▶ **Assignment**:
Give back exactly the lines of the entries below from the line with "Chodzik został zaprojektowany" to the line with "Light Blue Retro", inclusive, and only those.

▶ **Records for this task**:
○ ○ ○ ○
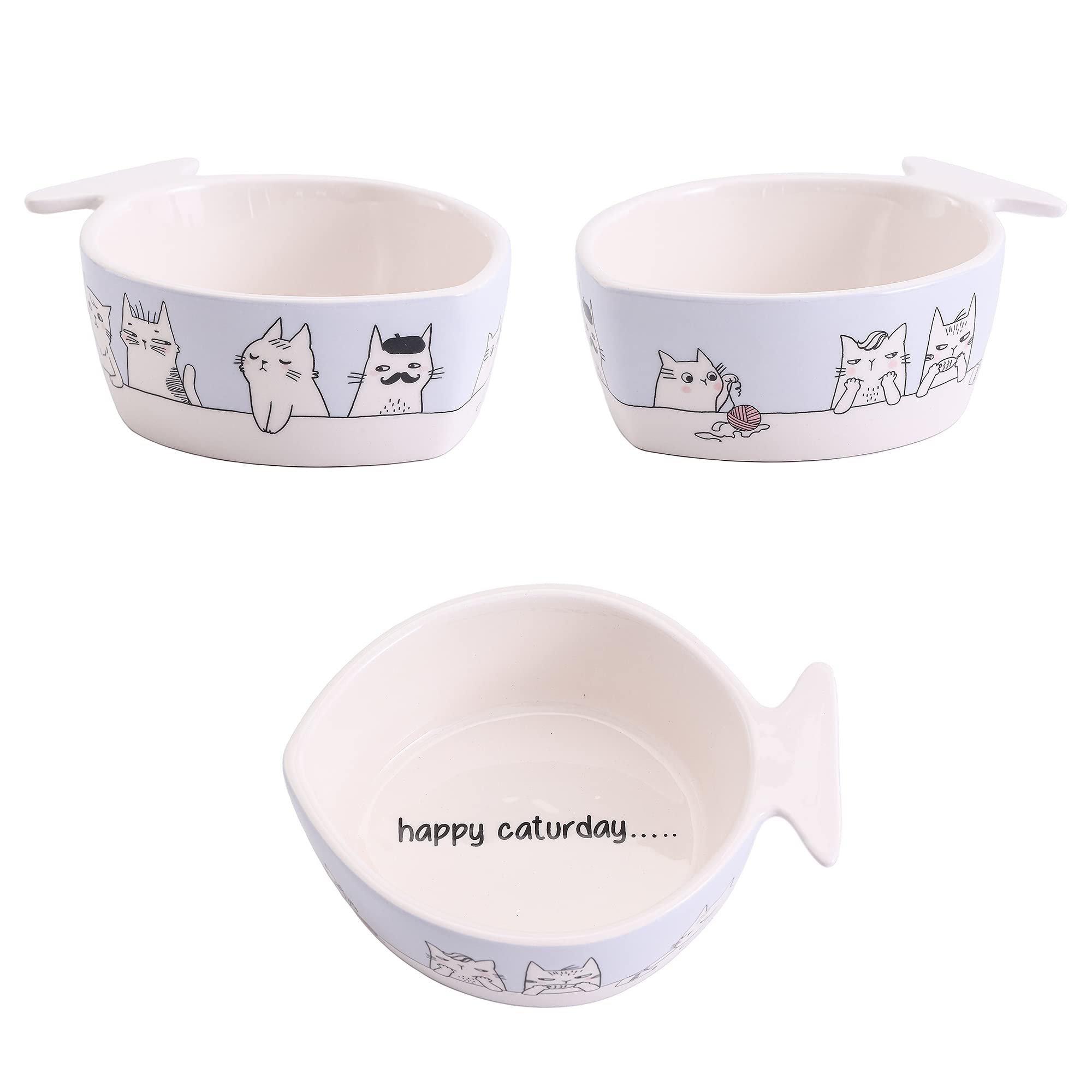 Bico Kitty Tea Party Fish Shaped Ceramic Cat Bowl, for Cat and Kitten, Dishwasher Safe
○ ○ ○ ○
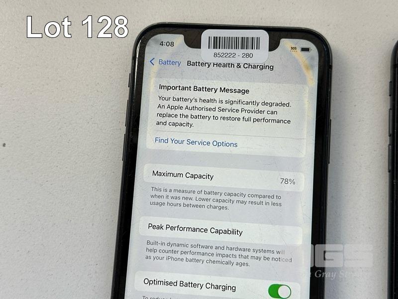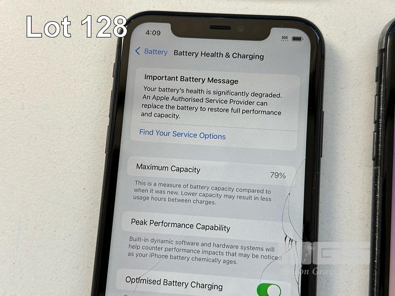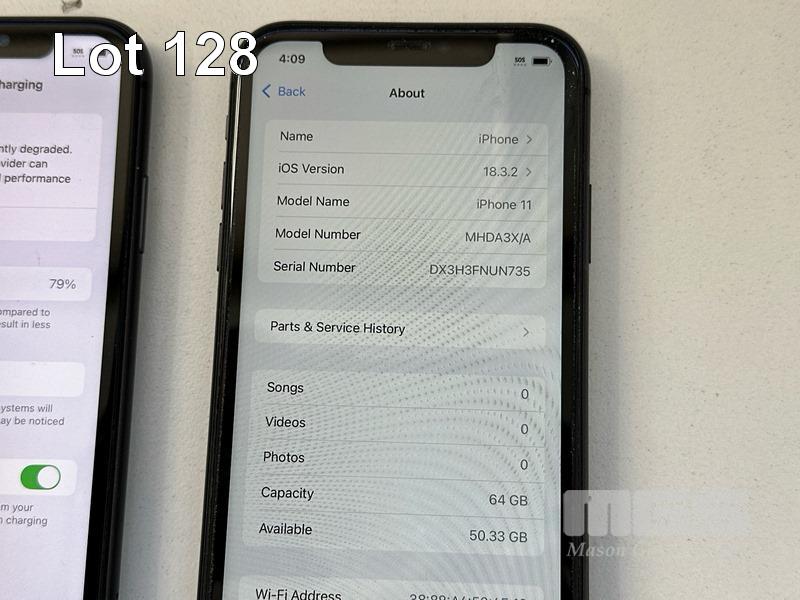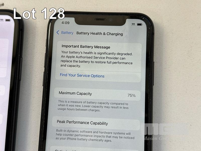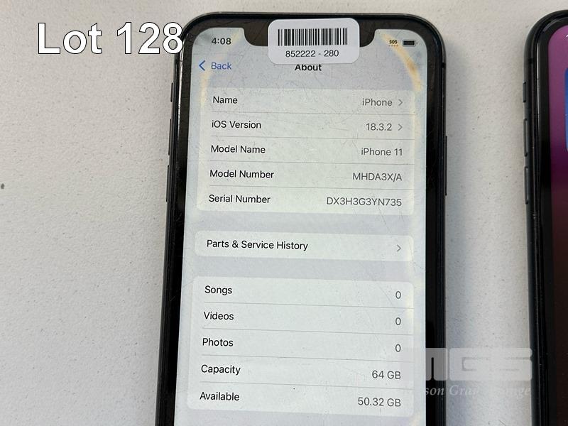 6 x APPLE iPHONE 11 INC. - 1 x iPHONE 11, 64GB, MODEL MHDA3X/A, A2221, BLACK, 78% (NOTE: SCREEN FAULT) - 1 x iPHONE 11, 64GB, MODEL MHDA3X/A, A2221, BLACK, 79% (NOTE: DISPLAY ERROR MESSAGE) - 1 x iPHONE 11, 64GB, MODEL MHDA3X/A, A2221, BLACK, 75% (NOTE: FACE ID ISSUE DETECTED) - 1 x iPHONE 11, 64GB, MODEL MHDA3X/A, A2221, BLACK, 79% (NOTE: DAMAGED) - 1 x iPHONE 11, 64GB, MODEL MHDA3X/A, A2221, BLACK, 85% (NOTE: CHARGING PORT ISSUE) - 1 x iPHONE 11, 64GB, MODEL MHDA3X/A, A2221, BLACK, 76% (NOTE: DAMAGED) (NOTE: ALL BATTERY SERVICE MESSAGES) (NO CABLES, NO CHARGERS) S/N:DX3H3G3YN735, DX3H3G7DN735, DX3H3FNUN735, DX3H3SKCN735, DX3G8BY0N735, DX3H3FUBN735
○ ○ ○ ○
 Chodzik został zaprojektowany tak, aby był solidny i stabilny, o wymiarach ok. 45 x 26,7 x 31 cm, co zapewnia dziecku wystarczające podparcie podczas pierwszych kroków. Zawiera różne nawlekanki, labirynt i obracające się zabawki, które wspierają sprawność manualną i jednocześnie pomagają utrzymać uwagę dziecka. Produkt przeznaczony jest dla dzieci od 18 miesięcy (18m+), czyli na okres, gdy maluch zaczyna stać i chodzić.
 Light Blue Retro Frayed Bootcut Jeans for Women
○ ○ ○ ○
▶ **Output for this exercise**:
 Chodzik został zaprojektowany tak, aby był solidny i stabilny, o wymiarach ok. 45 x 26,7 x 31 cm, co zapewnia dziecku wystarczające podparcie podczas pierwszych kroków. Zawiera różne nawlekanki, labirynt i obracające się zabawki, które wspierają sprawność manualną i jednocześnie pomagają utrzymać uwagę dziecka. Produkt przeznaczony jest dla dzieci od 18 miesięcy (18m+), czyli na okres, gdy maluch zaczyna stać i chodzić.
 Light Blue Retro Frayed Bootcut Jeans for Women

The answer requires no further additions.